• _Assignment_
The following data needs to be repeated exactly, with all images excluded.

• _Data shown_

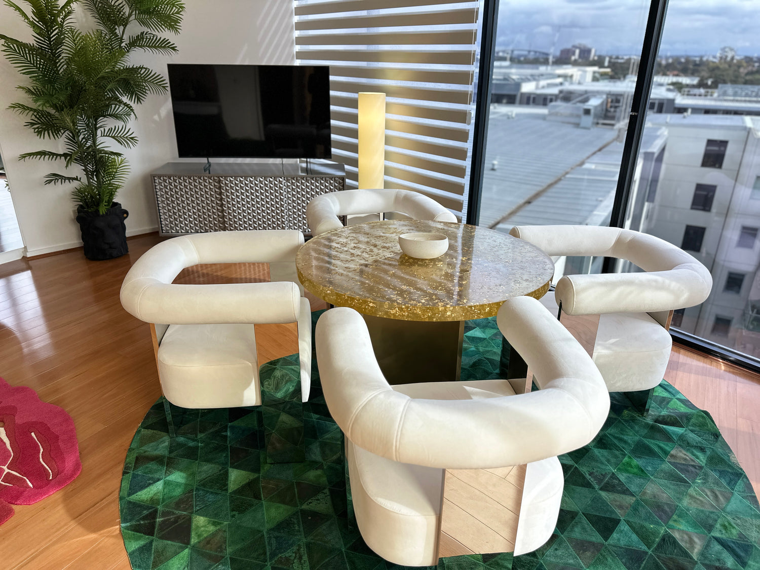 Polished chrome frame, commercial-grade velvet (customisable), optional leather upholstery
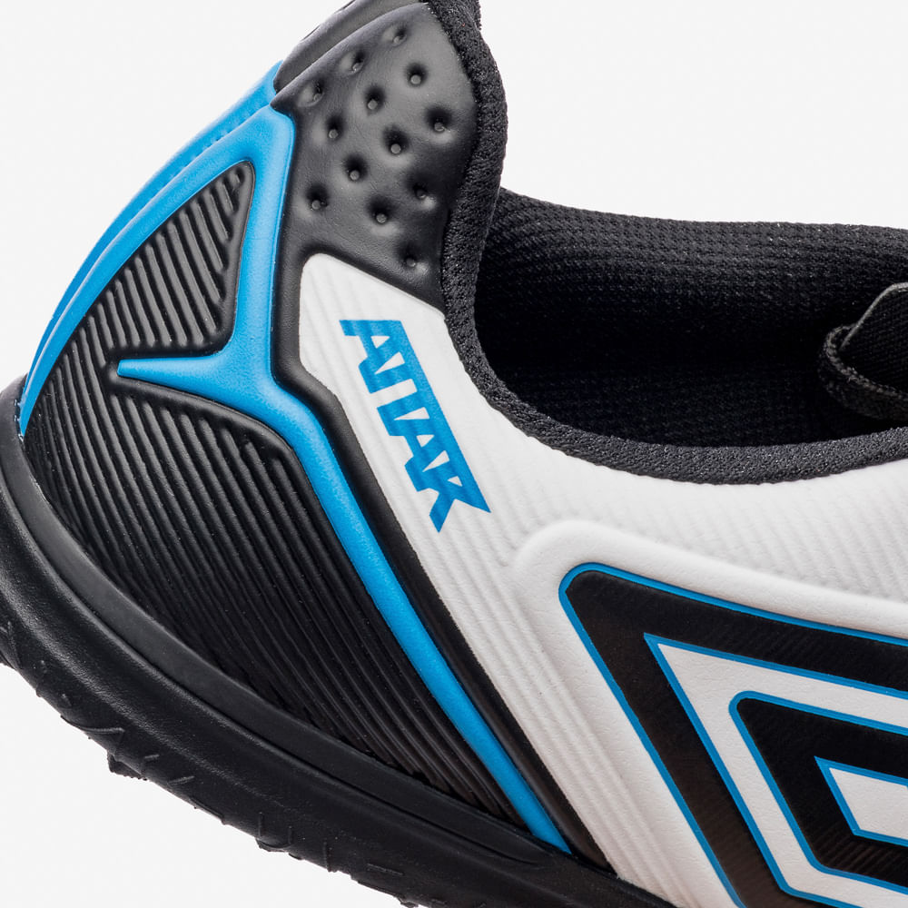 A Chuteira Society Umbro Attak III combina resistência e conforto para jogadores que buscam desempenho em gramados sintéticos. Seu cabedal frequenciado oferece ajuste anatômico e maior durabilidade, enquanto o novo material sintético garante leveza e flexibilidade. A palmilha X-Comfort proporciona amortecimento adicional para mais conforto. O solado em borracha assegura excelente aderência e tração, permitindo maior estabilidade nos movimentos.
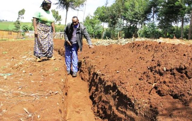 A farmer inspects a trench running across a farm on the sloppy Baraka ranges in Kuresoi North. [Kennedy Gachuhi/Standard]

• _Answer to this problem_
 Polished chrome frame, commercial-grade velvet (customisable), optional leather upholstery
 A Chuteira Society Umbro Attak III combina resistência e conforto para jogadores que buscam desempenho em gramados sintéticos. Seu cabedal frequenciado oferece ajuste anatômico e maior durabilidade, enquanto o novo material sintético garante leveza e flexibilidade. A palmilha X-Comfort proporciona amortecimento adicional para mais conforto. O solado em borracha assegura excelente aderência e tração, permitindo maior estabilidade nos movimentos.
 A farmer inspects a trench running across a farm on the sloppy Baraka ranges in Kuresoi North. [Kennedy Gachuhi/Standard]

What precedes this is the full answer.